For those of you like me who hadn't heard of sharding:
http://highscalability.com/unorthodox-approach-database-design-coming-shard

rails 6.1 provides ability to switch connection per database thus we can do the horizontal partitioning.
Shards are declared in the three-tier config like this:
production:
primary:
database: my_primary_database
adapter: mysql2
primary_replica:
database: my_primary_database
adapter: mysql2
replica: true
primary_shard_one:
database: my_primary_shard_one
adapter: mysql2
primary_shard_one_replica:
database: my_primary_shard_one
adapter: mysql2
replica: true
Models are then connected with the connects_to API via the shards key
class ApplicationRecord < ActiveRecord::Base
self.abstract_class = true
connects_to shards: {
default: { writing: :primary, reading: :primary_replica },
shard_one: { writing: :primary_shard_one, reading: :primary_shard_one_replica }
}
end
Then models can swap connections manually via the connected_to API. If using sharding, both a role and a shard must be passed:
ActiveRecord::Base.connected_to(role: :writing, shard: :shard_one) do
#id = Person.create! # Creates a record in shard one
end
ActiveRecord::Base.connected_to(role: :writing, shard: :shard_one) do
Person.find(#id) # Can't find record, doesn't exist because it was created
# in the default shard
end
reference:
https://edgeguides.rubyonrails.org/active_record_multiple_databases.html#horizontal-sharding
https://dev.to/ritikesh/multitenant-architecture-on-rails-6-1-27c7

Connecting Rails to multiple databases is not a big deal- you simply have an ActiveRecord subclass for each shard that overrides the connection property. That makes it pretty simple if you need to make cross-shard calls. You then just have to write a little code when you need to make calls between the shards.
I don't like Hank's idea of splitting the rails instances, because it seems challenging to call the code between the instances unless you have a big shared library.
Also you should look at doing something like Masochism before you start sharding.
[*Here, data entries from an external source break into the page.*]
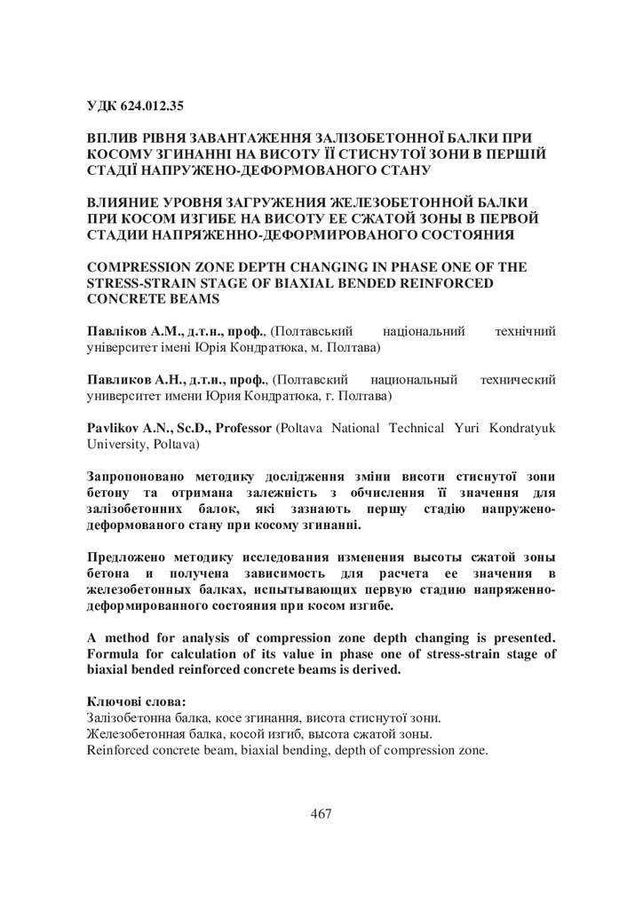 Стаття 2020/06/16Вплив рівня завантаження залізобетонної балки при косому згинанні на висоту її стиснутої зони в першій стадії напружено-деформованого стану
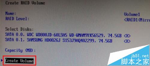 4、接上足够数量的硬盘可以显示在当前页面。选择Create RAID Volume,点回车
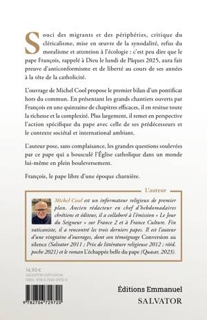 Souci des migrants et des périphéries, critique du cléricalisme, mise en oeuvre de la synodalité, refus du moralisme et attention à l'écologie : c'est peu dire que le pape François, rappelé à Dieu le lundi de Pâques 2025, aura fait preuve d'anticonformisme et de liberté au cours de ses années à la tête de la catholicité. L'ouvrage de Michel Cool propose le premier bilan d'un pontificat hors du commun. En présentant les grands chantiers ouverts par François en une quinzaine de chapitres efficaces, il en resitue toute la richesse et la complexité. Plus largement, il remet en perspective l'action spécifique du pape avec celle de ses prédécesseurs et le contexte sociétal et international ambiant. L'auteur pose, sans complaisance, les grandes questions soulevées par ce pape qui a bousculé l'Église catholique dans un monde lui-même en plein bouleversement. François, le pape libre d'une époque charnière. Michel Cool est un informateur religieux de premier plan. Ancien rédacteur en chef d'heb
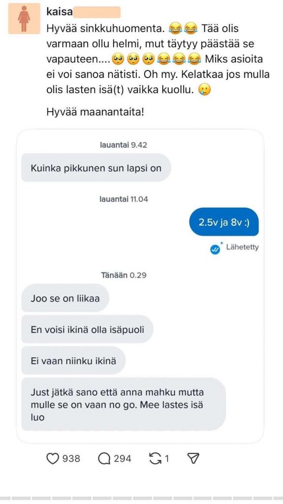 Feissarimokat: Sinkkuäiti-Kaisa sai sinkkumieheltä karmean vastauksen
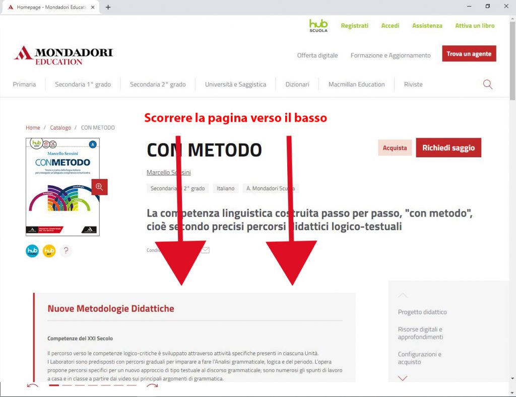 Per raggiungere la zona dove si trovano le diverse versioni del libro scelto è necessario scorrere verso il basso della pagina.

For rails to work with replicated environment, I would suggest using my_replication plugin which helps switch database connection to one of the slaves at run-time
https://github.com/minhnghivn/my_replication

To my mind, the simplest way is maintain a 1:1 between rails instances and DB shards.

Proxy layer is better, it can support all program languages.
For example: Apache ShardingSphere' proxy.
There are 2 different products of Apache ShardingSphere, ShardingSphere-JDBC for application layer which for Java language only and ShardingSphere-Proxy for proxy layer which for all program languages.
FYI: https://shardingsphere.apache.org/document/current/en/user-manual/shardingsphere-proxy/

Depends upon rails version. Newer rails version provide support for sharding as said by #Oshan. But if you can't update to a newer version you can use the octopus gem.
Gem Link
https://github.com/thiagopradi/octopus

Related

How to set transaction isolation level using ActiveRecord connection?

I need to manage transaction isolation level on a per-transaction basis in a way portable across databases (SQLite, PostgreSQL, MySQL at least).
I know I can do it manually, like that:
User.connection.execute('SET SESSION TRANSACTION ISOLATION LEVEL SERIALIZABLE')
...but I would expect something like:
User.isolation_level( :serializable ) do
# ...
end
This functionality is supported by ActiveRecord itself:
MyRecord.transaction(isolation: :read_committed) do
# do your transaction work
end
It supports the ANSI SQL isolation levels:
:read_uncommitted
:read_committed
:repeatable_read
:serializable
This method is available since Rails 4, it was unavailable when the OP asked the question. But for any decently modern Rails application this should be the way to go.
There was no gem available so I developed one (MIT): https://github.com/qertoip/transaction_isolation
Looks Rails4 would have the feature out of box:
https://github.com/rails/rails/commit/392eeecc11a291e406db927a18b75f41b2658253

mysql2 driver seems to write invalid queries

I'm developing an application layer on top of a rails app developed by someone else.
His application uses a module called request_logger to write to a table, which worked fine under ruby1.8/rails2/mysql gem, but in my ruby1.9/rails3/mysql2 environment, activerecord falls over, suggesting that the generated query is invalid.
It obviously is, all mysql relation names are wrapped in double quotes instead of backticks.
The call to activerecord itself just sets a bunch of attributes with
log.attributes = {
:user_id => user_id,
:controller => controller,
...etc
}
and then calls
log.save
So I'm leaning towards it not being dodgy invocation. Any suggestions?
mysql2 works fine for a lot of people, but it unashamedly sacrifices conformance to the MySQL C API for performance in the common tasks. Perhaps, if request_logger is low-level enough, it's expecting calls to exist which don't.
It's trivial to switch back to using mysql - give it a try, and if it works, stick with it. Remember to change both your Gemfile and your config/database.yml settings.
It turned out to be what seems to be a change in behaviour between rails 2 and 3 (we have the same setup working fine in rails 2)
We use database.yml to specify an (empty) "master" database and then feed in our clients with shards+octopus.
The master db is sqlite for simplicity, and it seems that activerecord was feeding off requests formatted for sqlite to the mysql2 shards, regardless of their adaptor type.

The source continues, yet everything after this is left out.